# Candy wines?



## Jericurl (Oct 27, 2013)

While I will admit that jolly rancher and skittles wine don't snag my interest, a wine made from Werther's Originals sounds interesting.
Adding a wee bit of vanilla and oak to it makes it sound REALLY interesting.

I'm wanting to start out and experiment with a 1 gallon batch, just to see how it goes.
Is there a good rule of thumb for amount of candy per gallon? I've found recipes for candy cane wine and other candies, but it usually says something along the lines of 54 candies or 2 packages, etc.

Has anyone made anything along these lines?


----------



## Julie (Oct 27, 2013)

Use enough candy to bring your sg to around 1.080 - 1.085.


----------



## the_rayway (Oct 27, 2013)

This sounds like a first go on my idea of what 'Butterbeer' might taste like  Keep us posted!


----------



## knockabout (Apr 11, 2016)

Hi jericurl! I'm so curious about how this turned out if you made it?
Kim


----------



## Johnd (Apr 11, 2016)

I love candy, those wines always intrigue me, but I've not done one yet. But if I did, it would be a Starburst Jellybean wine, I'd start with a gallon of water and dissolve jellybeans til I got the SG to around where Julie said, maybe a tad higher, like 1.090. After it was dry I'd add KMS, sorbate, and another bag of jellybeans for sugar and flavor, i.e.: the jellybean fpack.


----------



## Julie (Apr 12, 2016)

I actually made a starburst jellybean wine. Instead of water I used Welch's white grape juice, this will give you better body.


----------



## Johnd (Apr 12, 2016)

Julie said:


> I actually made a starburst jellybean wine. Instead of water I used Welch's white grape juice, this will give you better body.
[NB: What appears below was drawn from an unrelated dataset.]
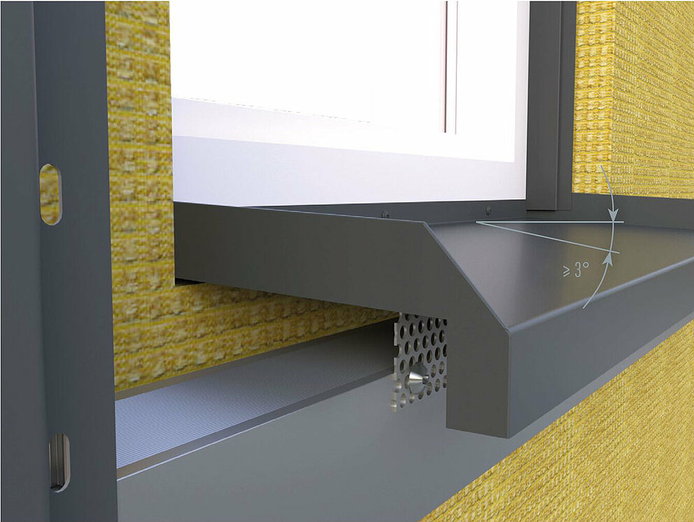 Parapet okienny musi być zaprojektowany ze spadkiem co najmniej 3°. Przestrzegać wymagań obowiązujących w danym kraju.

OK Julie, you've got my attention, tell me how it came out. Did it taste like Starburst Jellybeans???


----------



## Julie (Apr 12, 2016)

I made it for my nephew and he said it was awesome, I know the five bottles I gave him didn't last long. When I get home I'll dig out my notes


----------



## sg1strgt (Jun 19, 2017)

Julie, I know this post is old but you wouldn't happen to know where that recipe is for the Starburst jellybean wine would you? That would be awesome if you did


Lol, not sure if it is on here but I'll dig it out of my binder tomorrow and post it here.


----------



## Lilocsprings (Jun 19, 2017)

Yes please do


----------



## sg1strgt (Jun 19, 2017)

That's awesome, thank you.


----------



## Julie (Jun 20, 2017)

Starburst Wine

for 1 gallon

2 bags of starburst jellybeans
3 cans of Welch's White grape juice
sugar to bring sg to 1.080 or close to it
2 tsp yeast nutrient
1/2 tsp yeast energizer

ferment to dry and backsweeten to 1.010


----------



## sg1strgt (Jun 20, 2017)

Thanks Julie


----------



## organicwineclub (Jun 23, 2017)

Julie, great list of what you have been doing. This idea of making a candy cane wine recipe itself looks yummy and can't wait to make one. Never thought can make something like this from wine.


----------



## Jerfeous (Sep 8, 2017)

When making a candy wine make sure to boil the candy to dissolve it and then let it cool. then put in a refrigerator to take the wax film off the top. if you don't it will be in your car boys and you can't get it out. I have made Skittles and Starburst jelly bean wine. The Skittles I added a hint of Moscato to give it body Starburst I just used Niagara or Welch's White Grape Juice. Both were a hit.


----------



## compdoctor (Jan 27, 2018)

What yeast did you use for this?


----------



## PandemoniumWines (Jan 28, 2018)

Typically in candy wines I use Lalvin EC1118.


----------



## Allie Geiger (Dec 2, 2018)

This is so intriguing.. I'm so curious how they would taste.
I would definitely try a green jolly rancher wine, and I really wonder what werthers original wine would taste like!


----------



## Dawgdrvr (Dec 3, 2018)

I make a really nice Butterscotch Mead .
With 2lbs honey and two 10.Oz bags of werthers. (1 gallon )
Sg is usually somewhere between 1.090 and 1.110 depending on what the sugar content ( brix) in my honey is.
I use Wyeast 4184. I let it ferment dry.
It's drinkable after 6 months but mellows out nicely ten months in. 
If need bee, back sweeten with 1 cup of honey .


----------



## BernardSmith (Dec 3, 2018)

It''s not really difficult to make your own caramels and if you did then your wine or mead would be rather more unique than using store bought candy. You can make a heavy pound of caramel in your microwave by mixing the following ingredients. It's basically a fool proof method of making caramels.

1/4 C unsalted butter
1/2 C table sugar
1/2 C brown sugar
1/2 C Karo syrup
1/4t salt
1/2C sweetened condensed milk
1 t vanilla extract

Method: Mix everything in a microwave container and zap for about 7 minutes - removing the mass every 90 seconds to stir
When this becomes caramelized remove from container and cool in a chilled dish. I line the dish with parchment paper and the candy does not stick to that. I use two batches in a gallon. 
You might consider adding chocolate to the water when you heat it to melt the candy to prepare for fermenting. I ferment this in a bucket as you get a very thick cap of cocolate in the fermenter.


----------